_TRY IT_.
In the material below, find the span from the line with "The image shows" to the line with "Le sconfitte in" and transcribe only those lines, exactly, ends included, without the pictures.

_DATA LISTING_.
==============================

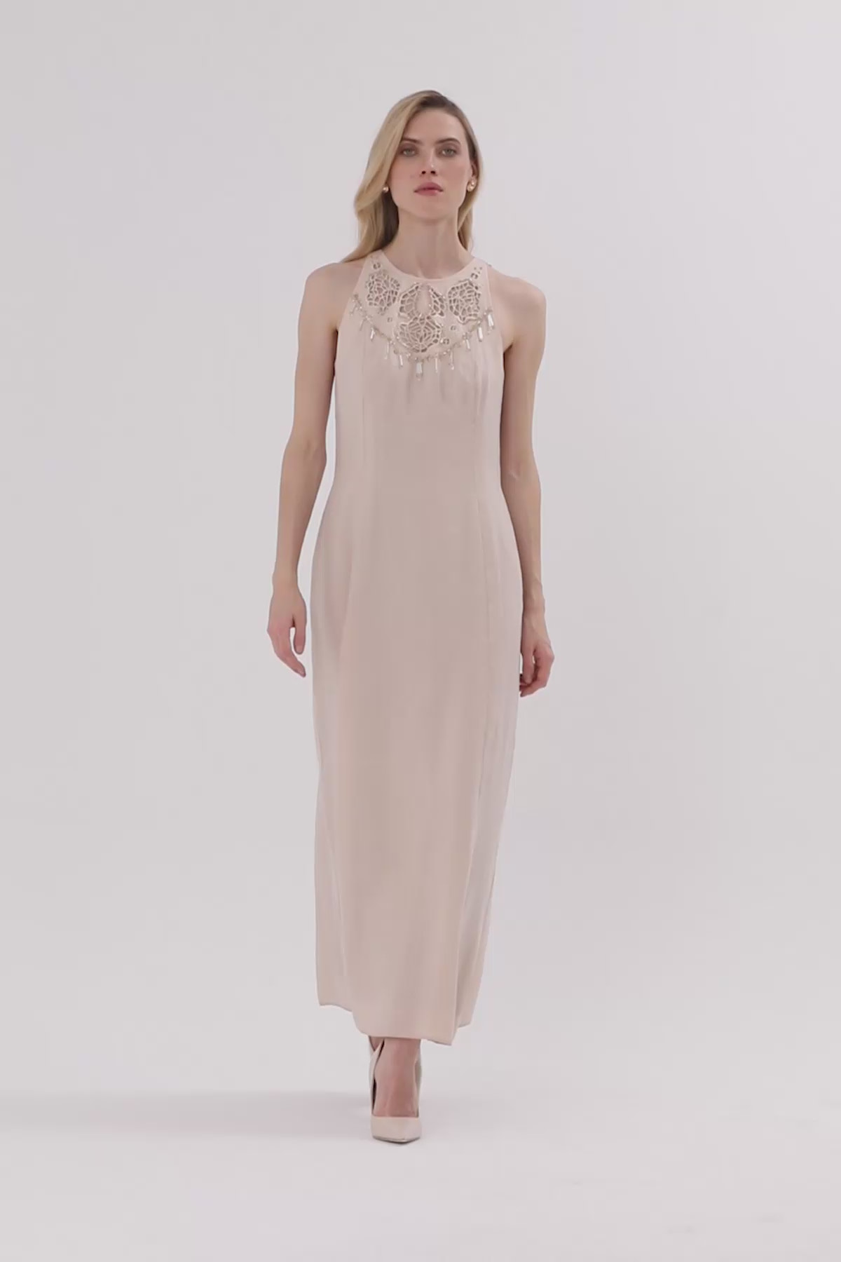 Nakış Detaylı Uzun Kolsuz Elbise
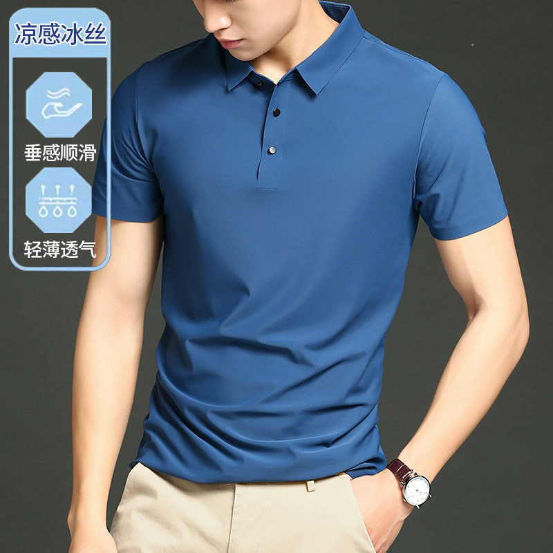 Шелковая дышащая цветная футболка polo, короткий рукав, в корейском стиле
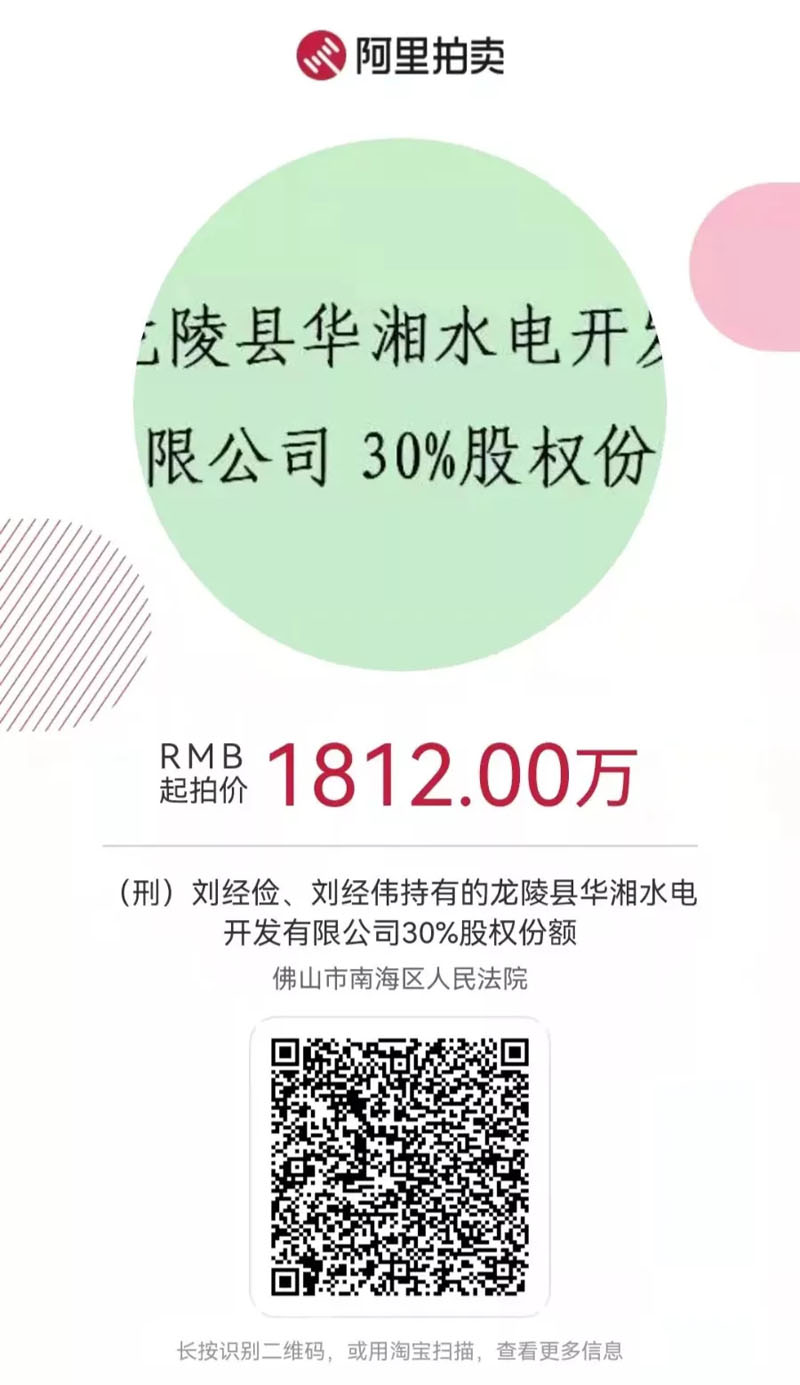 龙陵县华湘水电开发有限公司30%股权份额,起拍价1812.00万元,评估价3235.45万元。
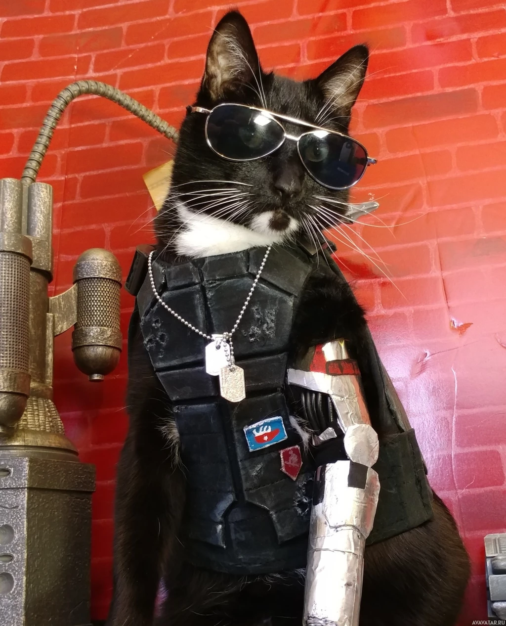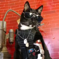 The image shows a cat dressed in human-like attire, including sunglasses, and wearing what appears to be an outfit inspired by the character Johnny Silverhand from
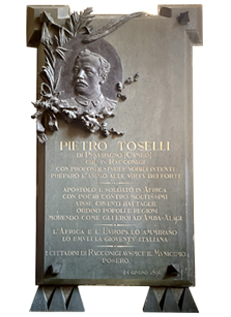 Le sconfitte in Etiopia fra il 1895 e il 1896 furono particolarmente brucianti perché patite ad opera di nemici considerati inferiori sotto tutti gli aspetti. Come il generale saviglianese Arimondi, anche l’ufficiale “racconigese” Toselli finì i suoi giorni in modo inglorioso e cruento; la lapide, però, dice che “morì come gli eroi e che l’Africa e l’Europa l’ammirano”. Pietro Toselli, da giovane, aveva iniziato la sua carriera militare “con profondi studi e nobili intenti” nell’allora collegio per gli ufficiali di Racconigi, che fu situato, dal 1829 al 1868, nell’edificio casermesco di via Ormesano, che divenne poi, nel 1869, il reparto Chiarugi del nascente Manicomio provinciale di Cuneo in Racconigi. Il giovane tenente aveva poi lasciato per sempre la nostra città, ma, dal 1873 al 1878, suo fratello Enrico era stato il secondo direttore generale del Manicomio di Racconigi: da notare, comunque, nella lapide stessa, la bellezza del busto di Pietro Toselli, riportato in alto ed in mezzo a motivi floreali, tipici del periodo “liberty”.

==============================

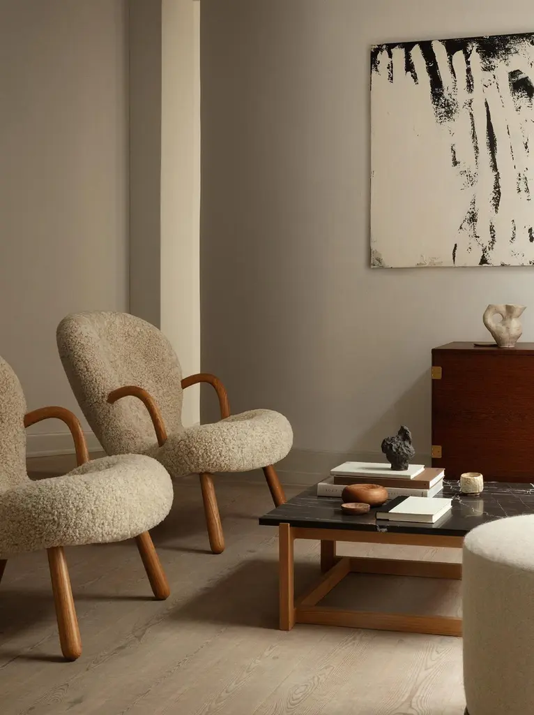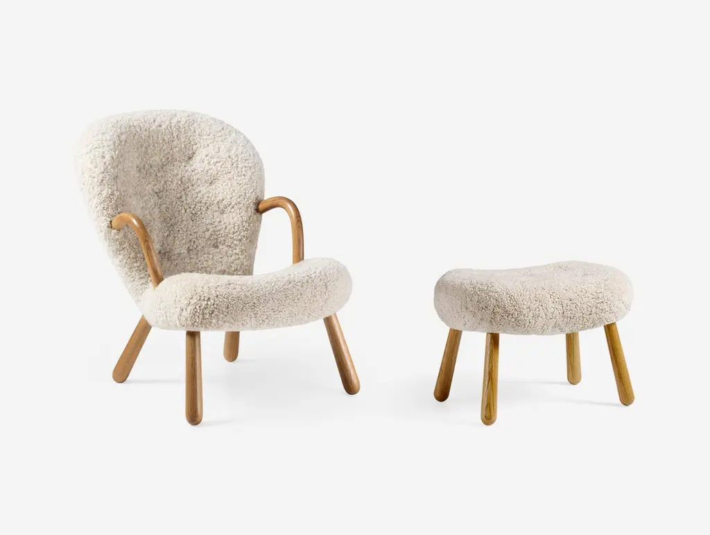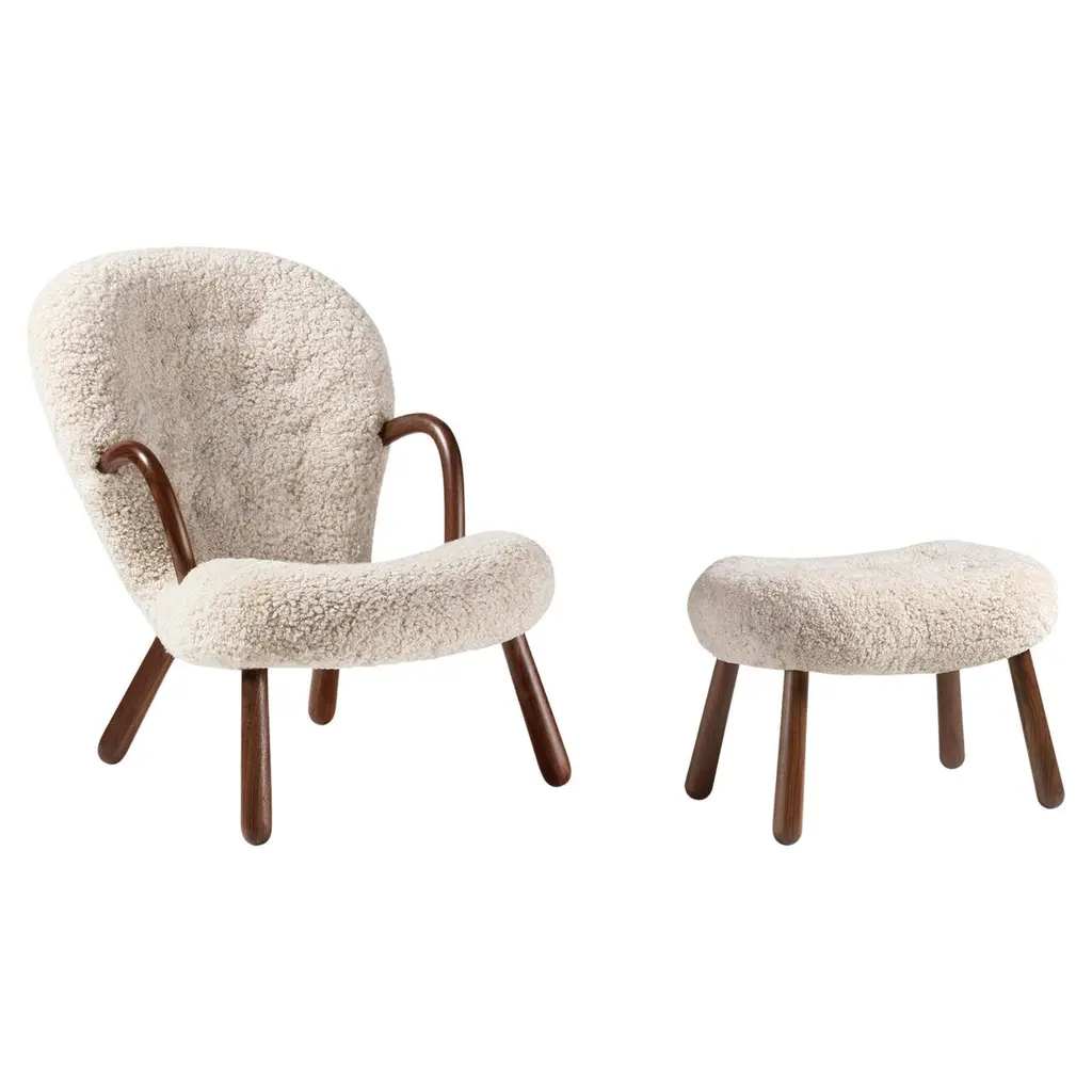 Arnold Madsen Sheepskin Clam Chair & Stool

==============================

_ANSWER FOR THIS EXERCISE_.
 The image shows a cat dressed in human-like attire, including sunglasses, and wearing what appears to be an outfit inspired by the character Johnny Silverhand from
 Le sconfitte in Etiopia fra il 1895 e il 1896 furono particolarmente brucianti perché patite ad opera di nemici considerati inferiori sotto tutti gli aspetti. Come il generale saviglianese Arimondi, anche l’ufficiale “racconigese” Toselli finì i suoi giorni in modo inglorioso e cruento; la lapide, però, dice che “morì come gli eroi e che l’Africa e l’Europa l’ammirano”. Pietro Toselli, da giovane, aveva iniziato la sua carriera militare “con profondi studi e nobili intenti” nell’allora collegio per gli ufficiali di Racconigi, che fu situato, dal 1829 al 1868, nell’edificio casermesco di via Ormesano, che divenne poi, nel 1869, il reparto Chiarugi del nascente Manicomio provinciale di Cuneo in Racconigi. Il giovane tenente aveva poi lasciato per sempre la nostra città, ma, dal 1873 al 1878, suo fratello Enrico era stato il secondo direttore generale del Manicomio di Racconigi: da notare, comunque, nella lapide stessa, la bellezza del busto di Pietro Toselli, riportato in alto ed in mezzo a motivi floreali, tipici del periodo “liberty”.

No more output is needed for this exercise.